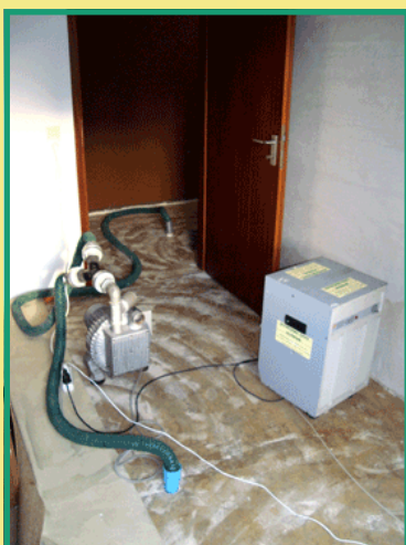
Ursache: defekte Kupferleitungen im Estrich Maßnahmen: Isolationstrocknung in 2 Zimmern mit Flur
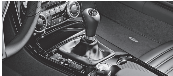
designo Zierelemente in Klavierlack schwarz (W69)
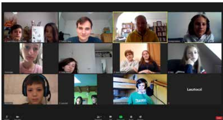
Novemberi konfirmációs oktatás zoomon
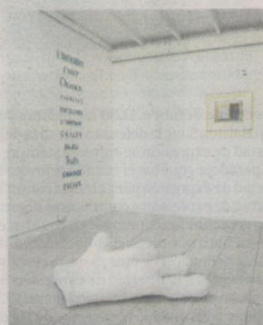
Mite, la más pequeña y arriesgada
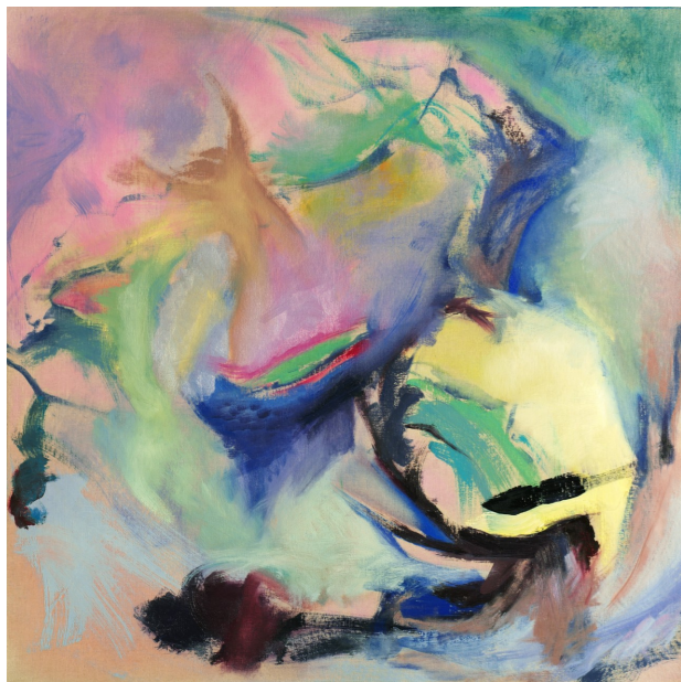
I am That I Am , 2014 Öl auf Leinwand, 75 x 75 cm

━━━━

# What to work on
Please retype the records above exactly, but leave out any pictures.

# Output for this exercise
Ursache: defekte Kupferleitungen im Estrich Maßnahmen: Isolationstrocknung in 2 Zimmern mit Flur
designo Zierelemente in Klavierlack schwarz (W69)
Novemberi konfirmációs oktatás zoomon
Mite, la más pequeña y arriesgada
I am That I Am , 2014 Öl auf Leinwand, 75 x 75 cm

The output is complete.